**YOUR ASSIGNMENT**
Output the entries exactly. Start at the first line, finish with the line containing "Known as the", and omit the pictures.

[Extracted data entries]
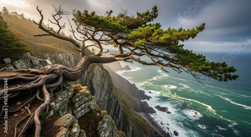 Dramatic Coastal Cliffside Landscape with Twisted Tree and Ocean View
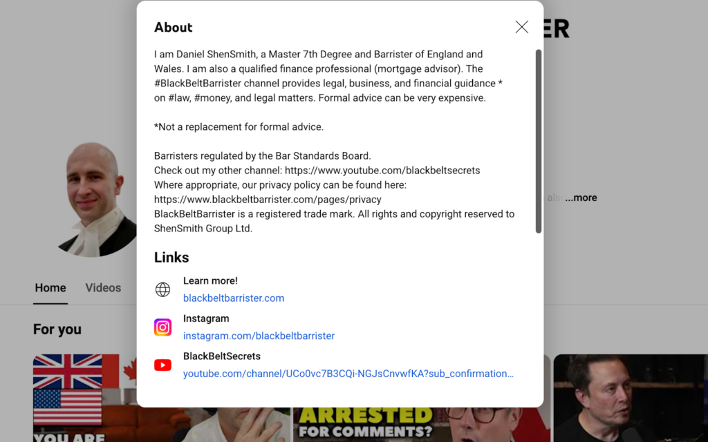 Known as the BlackBeltBarrister, Daniel combines his legal expertise with a strong digital presence, offering educational content through YouTube and Instagram.
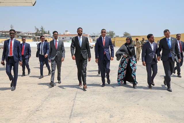 Feb 10(Jowhar)-Ra’iisul Wasaaraha Xukuumadda Jamhuuriyadda Federaalka Soomaaliya, Mudane Xamsa Cabdi Barre, ayaa maanta kormeer shaqo ku tagay Garoonka Diyaaradaha Caalamiga ah ee Aadan Cabdulle ee caasimadda Muqdisho, si uu qiimeeyn ugu sameeyo heerka adeegyada kala duwan ee loo fidinayo bulshada Soomaaliyeed iyo sida ay u shaqeynayaan hay’adaha ka hawlgala garoonka.
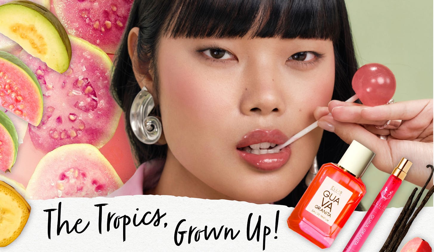 What started as a social shorthand quickly translated into measurable momentum. According to Spate, fragrance-related Google searches paired with “guava” surged more than 1,000 percent year over year, with TikTok accelerating interest in guava combinations and formats. The signal extends beyond scent. Across skincare, searches for guava climbed 76 percent, with brands like Glow Recipe and Eadem among the key beneficiaries. By last summer, WWD was already tracking why guava-forward launches were suddenly everywhere, from Ellis Brooklyn’s Guava Granita Eau de Parfum to guava appearing as a defining middle note in Anna Sui’s Wild Wonder Electric Whisper. What followed was sustained visibility across fragrance coverage and social discovery, reinforcing Guava’s staying power beyond a single launch cycle. Guava perfumes have been trending across both editorial features and social searches, signaling durability rather than novelty.
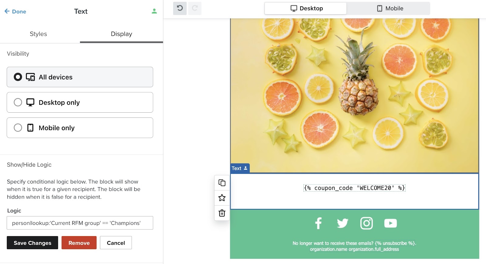 Puoi anche mostrare dinamicamente contenuti diversi nelle tue e-mail in base all'analisi del gruppo RFM di un profilo utilizzando la logica Klaviyo show/hide del modello. Questa funzionalità ti permette di personalizzare il contenuto della tua e-mail in base alle informazioni raccolte sul tuo iscritto, in modo che ogni destinatario abbia un'esperienza di marketing altamente pertinente.
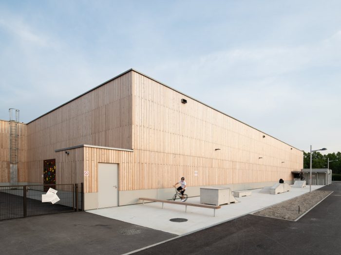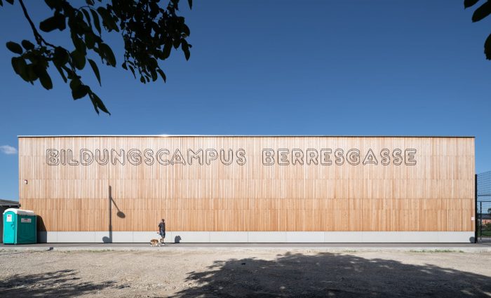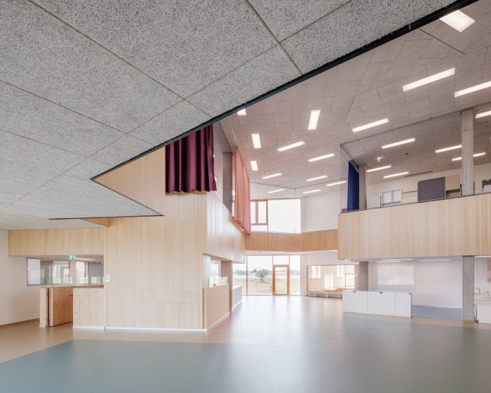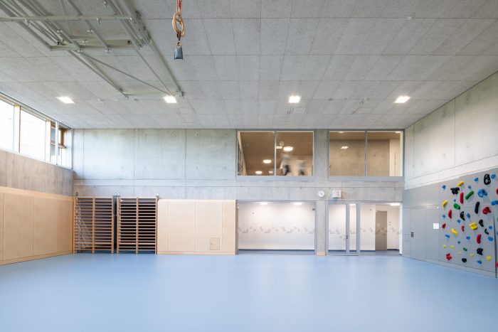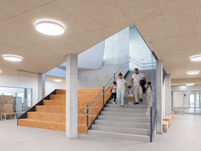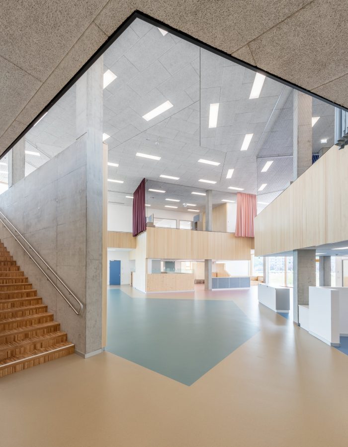 The building can be seen as a symbiosis of a range of typologies: a hybrid of a terraced, slab, bridge and hall structure. This is the first completed school project of this scale that has consciously replaced the orthogonal organization of the classrooms with a radial, windmill-like configuration that enhances the relationship of the spaces with each other and with the urban context. The kindergarten has been connected with the primary school via a central, hall-like two-story atrium. The central common areas in the atria of the individual BiBers can be used in a wide variety of ways: Their different zones permit age-specific interaction but also encourage a sense of community within a “BiBer family” that transcends the wide age-difference.
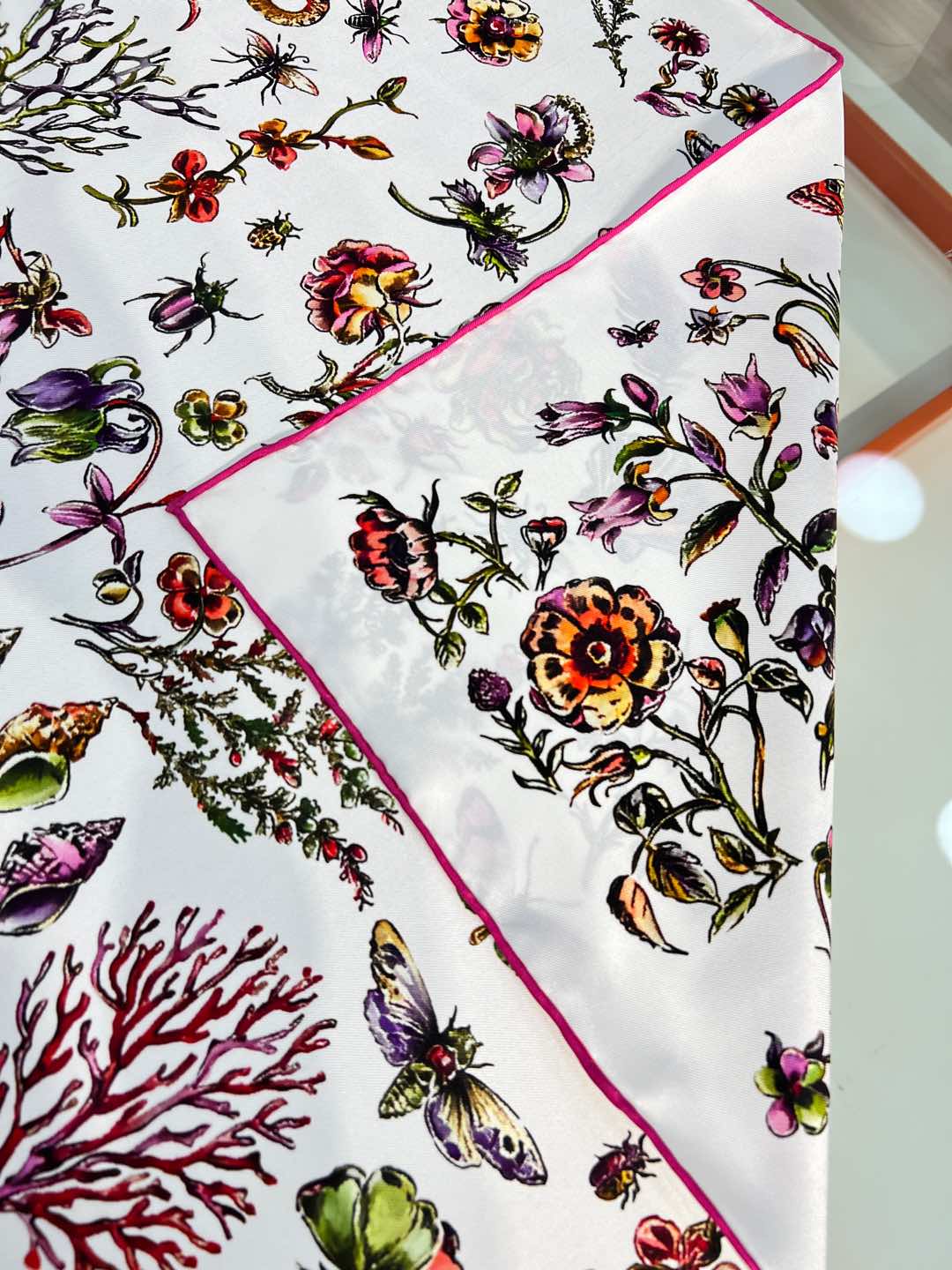 DIOR REVERSIBLE PRINTED SQUARE SCARF 90 CM IN WHITE SILK 7735868
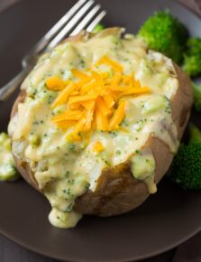 • I recommend eating these baked potatoes right away. If you prep them in advance and them wrap them in foil to keep warm, the steam builds up inside of them and they can become dense.
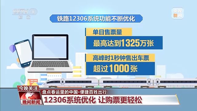 春運(yùn)出行需求上升,人們首先想問的,可能就是車票還好買嗎?作為全球訪問量和交易量最大的在線票務(wù)系統(tǒng),鐵路12306系統(tǒng)功能不斷優(yōu)化,單日售票量最高達(dá)到1325萬張,高峰時(shí)1秒鐘售出車票超過1000張。旅客每天可提交發(fā)到站相同或同城不同車站的兩個(gè)相鄰日期候補(bǔ)車票,從以前的各2張?jiān)黾拥礁?張。今年春運(yùn)期間,候補(bǔ)兌現(xiàn)成功率達(dá)到75%左右。
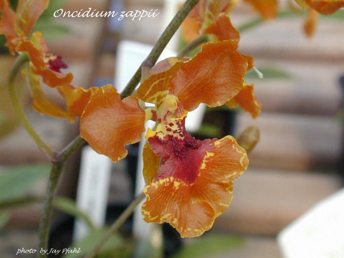 References W3 Tropicos, Kew Monocot list , IPNI ; Orchidaceae Brasilenses Band 2 Pabst & Dungs 1977 as O zappiidrawing fide; Orchid Digest Vol 46 No 2 1982 as O zappii photo fide; Rudolf Schlechter Die Orchideen Band 1C lieferung 33 - 36 2057 - 2308 Brieger 1997 as O zappii; Australian Orchid Review Vol 66 No 2 2001 as O zappii photo; The Pictoral Encyclopedia of Oncidium Zelenko 2002 as O zappii; Oncidium Vol 2 Koniger 2005 as O zappii photo/drawing fide; Orchid Species Culture: Oncidium, Bakers 2006 aS O zappii; AOS Bulletin Vol 76 #8 2007 as O zappii photo fide; Orchids of Brazil Vol 1 Oncidinae Baptista, Harding & Neto 2011 as Brasilidium zappii photo fide
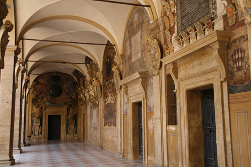 Het medium natuurlijk wel, maar het idee om contacten te onderhouden, jezelf te verbinden aan bepaalde groepen en je talenten te etaleren, is niks nieuws. Dat doen ze al eeuwen, zoals bijvoorbeeld in Bologna. Daar staat de oudste, nog functionerende universiteit ter wereld (gesticht in 1088). In het ‘Palazzo dell’Archiginnasio’, in 1562 opgeleverd als de eerste centrale zetel van de universiteit, vind je een hele verzameling van deze wapenschilden.

**RESPONSE TO THE EXERCISE**
 Dramatic Coastal Cliffside Landscape with Twisted Tree and Ocean View
 Known as the BlackBeltBarrister, Daniel combines his legal expertise with a strong digital presence, offering educational content through YouTube and Instagram.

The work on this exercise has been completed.